И ее надо в десятки, в сотни раз больше, чем использовала цивилизация до войны. Тут обычными атомными станциями и нефтяными топками не справиться.
Только гравитонные генераторы. Возможно, Господь специально подгадал окончание теоретических работ по превращению гравитации в энергию к этому моменту. Наутро после Армагеддона.
Море, океан, вселенная дешевой, общедоступной, универсальной энергии. Простейшее устройство генератора, абсолютная экологическая чистота.
Не хватает только одного – сибирия. Он, конечно, есть. Например, в конвекционной зоне Солнца. Или на границе земной мантии и ее жидкого ядра. Его можно синтезировать в ядерных реакторах – считанными атомами. А для гравитонных сеток нужны граммы, в масштабах все планеты – тонны.
В достижимом пространстве сибирий обнаружен только на большом астероиде Эмета. Поэтому полуживое человечество отдало последние силы, умы и средства для проекта «Феникс».

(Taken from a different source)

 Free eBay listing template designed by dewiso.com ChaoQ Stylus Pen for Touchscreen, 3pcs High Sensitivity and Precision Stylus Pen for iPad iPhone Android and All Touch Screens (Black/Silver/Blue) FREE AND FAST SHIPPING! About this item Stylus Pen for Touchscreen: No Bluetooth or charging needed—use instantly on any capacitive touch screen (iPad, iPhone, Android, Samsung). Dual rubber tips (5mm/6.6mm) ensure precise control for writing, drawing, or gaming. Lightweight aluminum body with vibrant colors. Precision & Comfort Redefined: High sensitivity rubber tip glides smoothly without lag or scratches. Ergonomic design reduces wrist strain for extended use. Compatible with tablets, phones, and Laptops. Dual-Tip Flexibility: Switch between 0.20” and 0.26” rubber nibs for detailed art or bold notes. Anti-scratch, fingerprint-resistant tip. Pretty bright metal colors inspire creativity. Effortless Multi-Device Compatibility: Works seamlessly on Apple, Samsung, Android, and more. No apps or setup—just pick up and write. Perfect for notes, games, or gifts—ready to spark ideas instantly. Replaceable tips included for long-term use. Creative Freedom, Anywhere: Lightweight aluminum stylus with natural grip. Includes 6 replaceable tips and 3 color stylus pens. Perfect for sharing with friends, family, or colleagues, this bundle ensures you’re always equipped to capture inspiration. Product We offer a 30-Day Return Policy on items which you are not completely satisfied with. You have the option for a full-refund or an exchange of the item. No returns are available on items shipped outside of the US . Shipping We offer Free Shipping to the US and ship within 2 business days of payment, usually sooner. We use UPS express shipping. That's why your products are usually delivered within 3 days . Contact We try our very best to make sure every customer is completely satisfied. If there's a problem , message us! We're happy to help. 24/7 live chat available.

Поэтому я здесь, в тесной капсуле катера. Напротив меня возится с ремнями этот америкос, зыркает злобно сквозь блистер шлема. Я это хорошо вижу правым глазом, левый все еще заплывший.
Человечество получило шанс. На этот раз – точно последний. Шанс научиться жить вместе.

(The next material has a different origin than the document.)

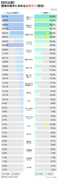 理想の恋愛・結婚相手に求める条件についても、世代間の違いを見てみました。

Я-то не против жить вместе. С итальянскими кастратами, с непальскими монахами, с собакообразными павианами – да хоть с сине-зелеными водорослями! Только не с этими звездно-полосатыми тварями.

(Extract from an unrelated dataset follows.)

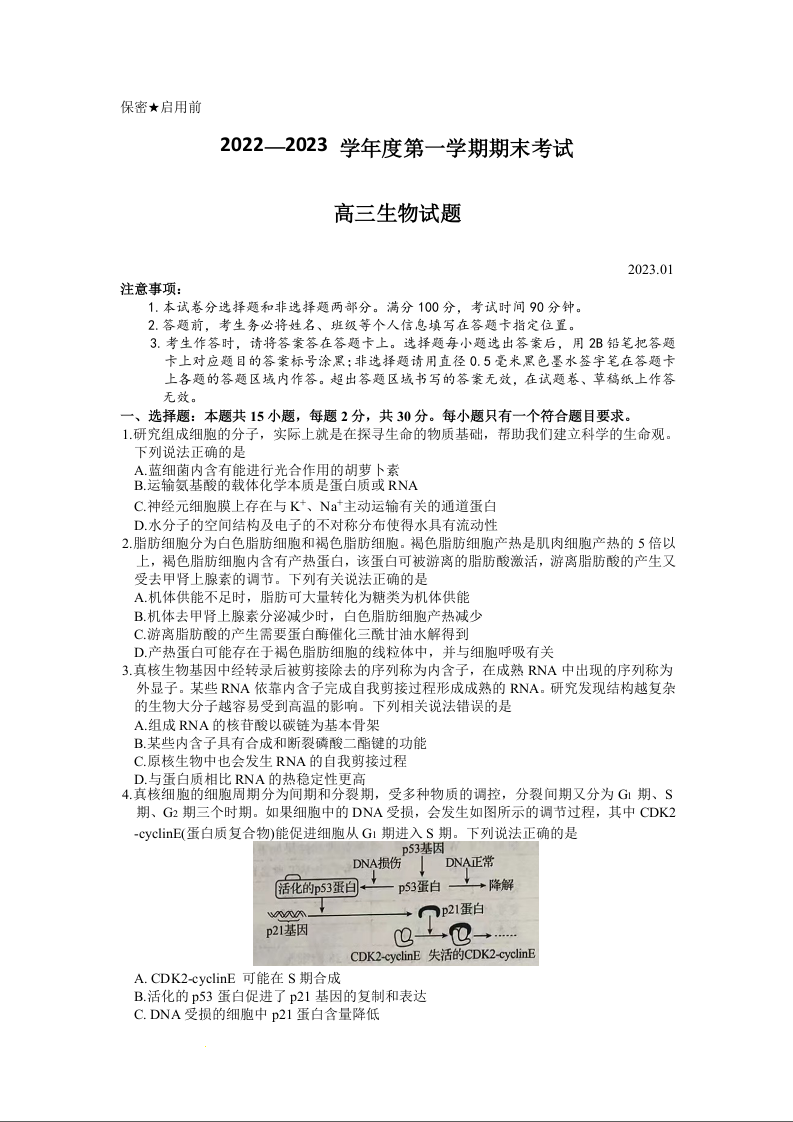 高三生物--山东省菏泽市2023届高三上学期期末考试

Никогда не забуду девчонку на перекрестке убитого города. Счетчик радиации захлебнулся цифрами и сдох. Я втащил ее в эвакуатор.
У машины – триста миллиметров брони, противорадиационный подбой, антинейтронный надбой, полная герметизация, я – в скафандре высшей защиты. И то жгло кожу, а во рту копилась кислая слюна.
А она – в одной ночнушке, босая. Вокруг были жирный чад, щебень и стекло – или битое, или расплавленное. Пыль лежала полуметровым слоем, и каждая пылинка дышала смертью. Асфальт стал жидким, сгоревшее небо – твердым, как крышка склепа. Так и выглядит ад.
А она стояла, с чистым лицом, с белой кожей, белыми глазами. Белая кровь в бесцветных сосудах.
Я втащил ее через люк – невесомую, полуголую.
Уже мертвую.
Ее белые волосы были на крышке люка, и на сидениях, и на противорадиационном подбое. Даже через много дней, когда танк прыгал на очередном поваленном столбе, сотрясая свои бронированные кишки, вдруг откуда-то появлялся тонкий волос и плыл среди вони солярки и густого мата, плыл…
Как осенняя серебряная паутинка.
Ненавижу.
– Викинг, ответь Фениксу. Как у тебя? Тут одна блондинка машет тебе ресницами и волнительно вздымает грудь.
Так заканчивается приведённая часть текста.